Dear Mr. Blue,
My husband is a talker. He is a man of many enthusiasms and will vigorously opine about any of them, talking in paragraphs and subparagraphs, with each point laid out and dissected. He will vigorously oppose any dissenting opinions. If interrupted, he will start over at the beginning and demand that you listen to his whole argument before responding. For most people expecting a normal conversation, his behavior is at best boring and at worst extremely annoying. He is aware of this, and in certain situations tries to restrain himself, but the self-monitoring makes him painfully self-conscious and inhibited and "not-himself." He feels, and I have to agree with him, that it is just the way he is. He is a larger-than-life personality, incredibly intelligent with a great enthusiasm for learning new things, having adventures and creating amazing projects, so a lot of people are willing to put up with the one-sided conversations. However, in the past three months, six of his friends have independently complained to me about his overbearing behavior. My dilemma is whether I should tell my husband about these comments. If I do, I know he will feel hurt and defensive. On the other hand, I feel sad that he may be driving some of his friends away, and wonder if there isn't some way to broach the subject that won't be so traumatic.
The Monologuist's Wife
Dear Wife,
Let the friends figure things out for themselves; if they complain to you, tell them to deal with him directly. If they're driven away, let him figure it out for himself, and if he wants to make amends, let him learn how to do it. Your interference is only going to confuse things. And, honestly, it's not your problem. You seem to be quite OK with your husband's big personality, and that's the important thing. If I were his friend, I probably would've dropped him years ago, since I have a low tolerance for monologues and lectures in social situations. I have no interest in being someone's disciple. But why should he inhibit himself to please me? I'm a Midwesterner with a passion for quiet good manners and understated styles. A wimp, in other words. For every lost friend like me, I'm sure he'll pick up three new friends who enjoy being in his gravitational field.
Dear Mr. Blue,
I met my first love when I was 18 and in college. He was intelligent, funny, thoughtful and kind, and after five years together I left to go to Europe -- I was sick of my job, and feeling antsy and claustrophobic -- with the understanding that he'd join me here when he'd finished the project he was working on. But now I've met this wonderful Dutch guy and we have great fun together. I am not really beating myself up over getting involved with another person. Although we are intimate, things are still pretty casual. But it's driving me nuts! On one hand, I feel like my old boyfriend is more "like" me. But I like how I feel as if I'm a different person with my Dutch boyfriend -- more passionate, sexual. My boyfriend back home feels like a brother. I'm only 24, Mr. Blue, and I know for sure that I'm not ready to start thinking about houses and babies and serious issues, such as the ones brought up when you've been in a five-year relationship. But on the other hand I can really talk with my old boyfriend.

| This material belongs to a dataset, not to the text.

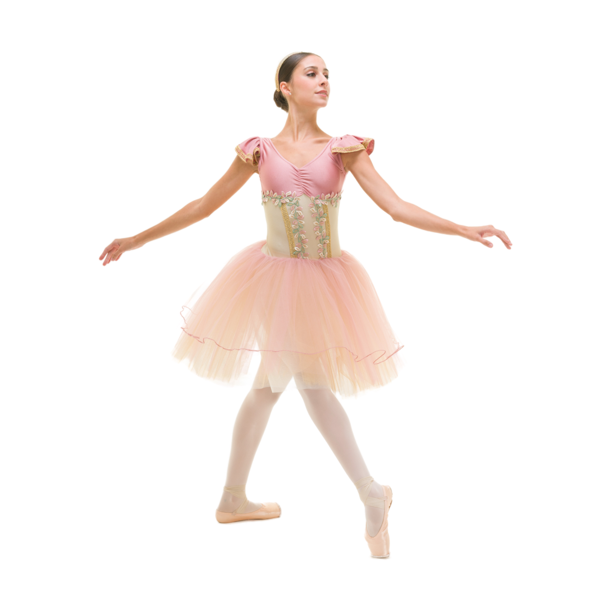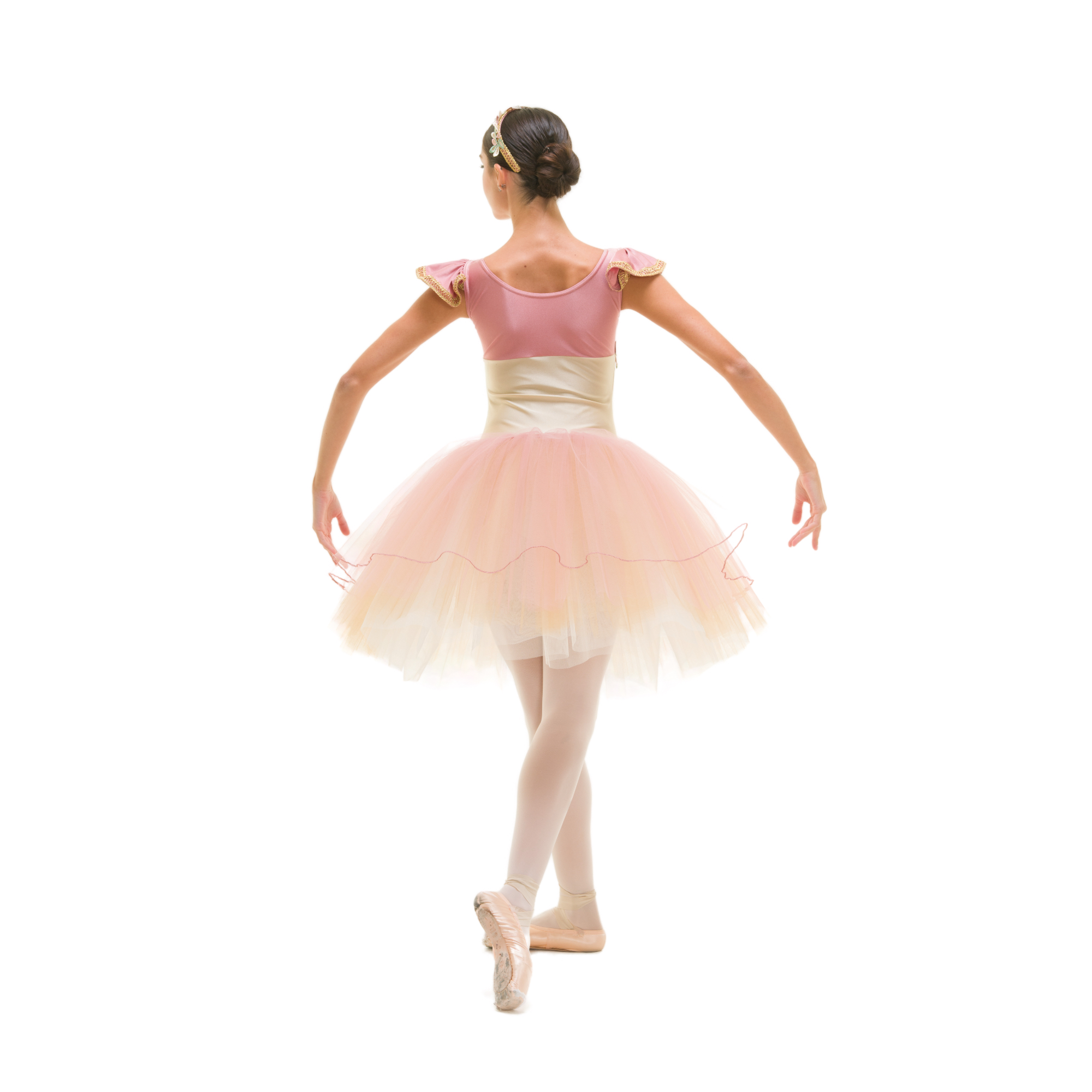 Tutù con body bicolore in lycra, arriccio sul petto, manichette a rouge con passamaneria oro, passamaneria oro e decoro foglie ricamate sul busto, 1 velo a ruota di tulle morbido con profilo rollè + 3 veli doppi tulle morbido + 2 veli tulle rigido.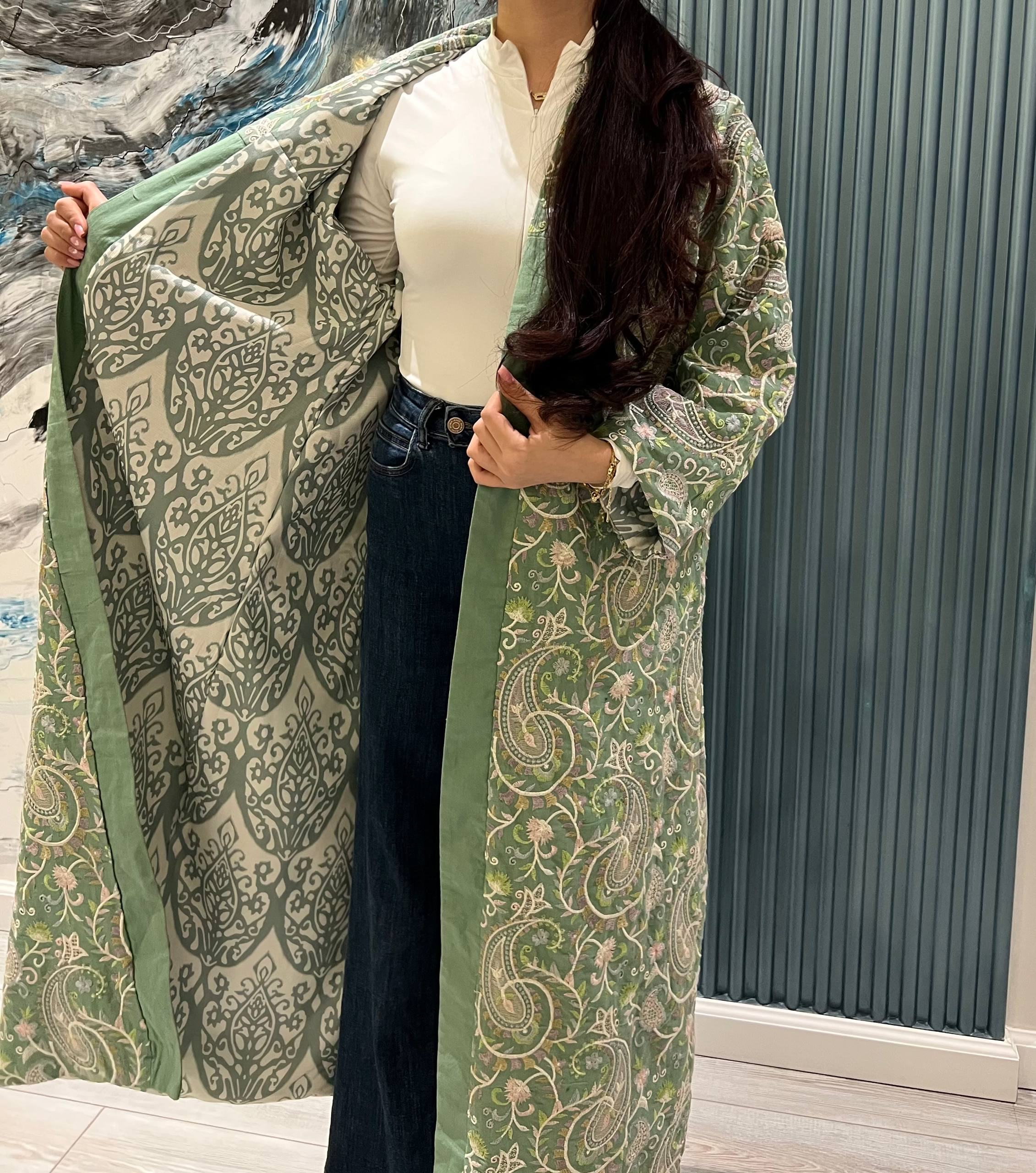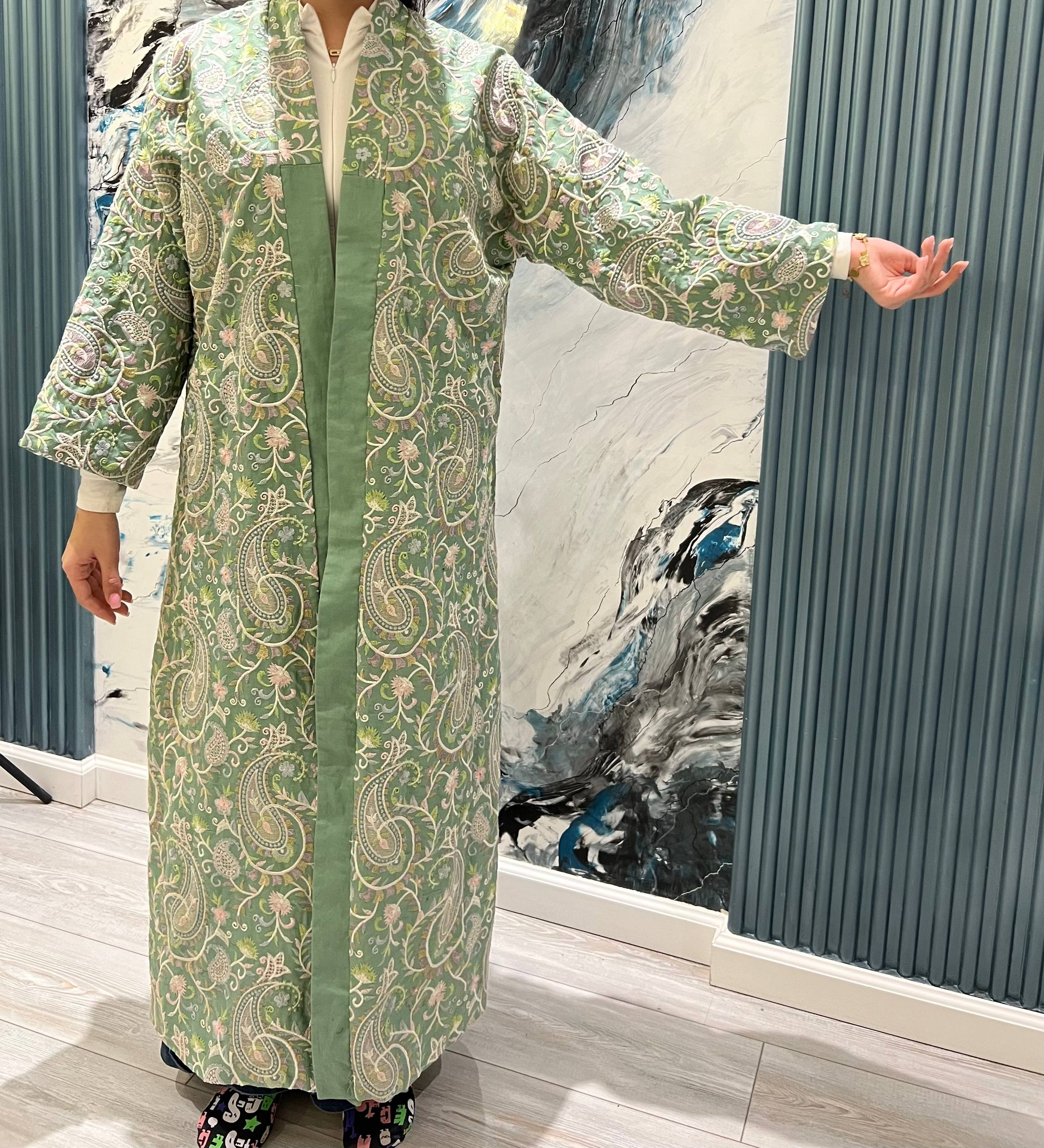 Experience elegance with the Lion Long Coat, featuring a refined green base adorned with intricate paisley embroidery. This coat offers a luxurious and sophisticated look, perfect for various occasions.

My old boyfriend is coming over soon, and I can't wait to see him. He's invited me to come with him on some trans-Asian train trip. Am I just scared of something serious? Is my new Dutch love just a distraction? Or is the old one just that -- old? I don't want to mess people around. I just feel like I can't make a decision at all.
Discombobulated in Dublin
Dear Dublin,
The first decision is whether to introduce these gentlemen to each other and perhaps form a trio. Probably not a good idea. So you should give Hans a leave of absence and turn your attention to the First Love and see how things stand. The sentence that leaps out is "My boyfriend back home feels like a brother." If this means that you don't have sexual feelings toward him, and if you're sure about this, then you should find a kind way to tell him that spares him humiliation and suffering. Tell him in person while you're sitting in St. Stephen's Green or Merrion Square or walking around the streets of that good graystone city. Tell him that things have changed and that you cherish the five years and you see him now as a friend and confidant and not as a mate. Take him to a good pub where he can look around and see that he isn't the first man to be disappointed in life. And enjoy the intimacy that honesty and clarity can create between people, that is better than play-acting. As for your Dutch love, he's a diversion, a fulcrum, an agent of knowledge and change, but probably not a good bet in the long run. Maybe you went to Europe to escape the comfortable clutches of this five-year serial. Time to come home.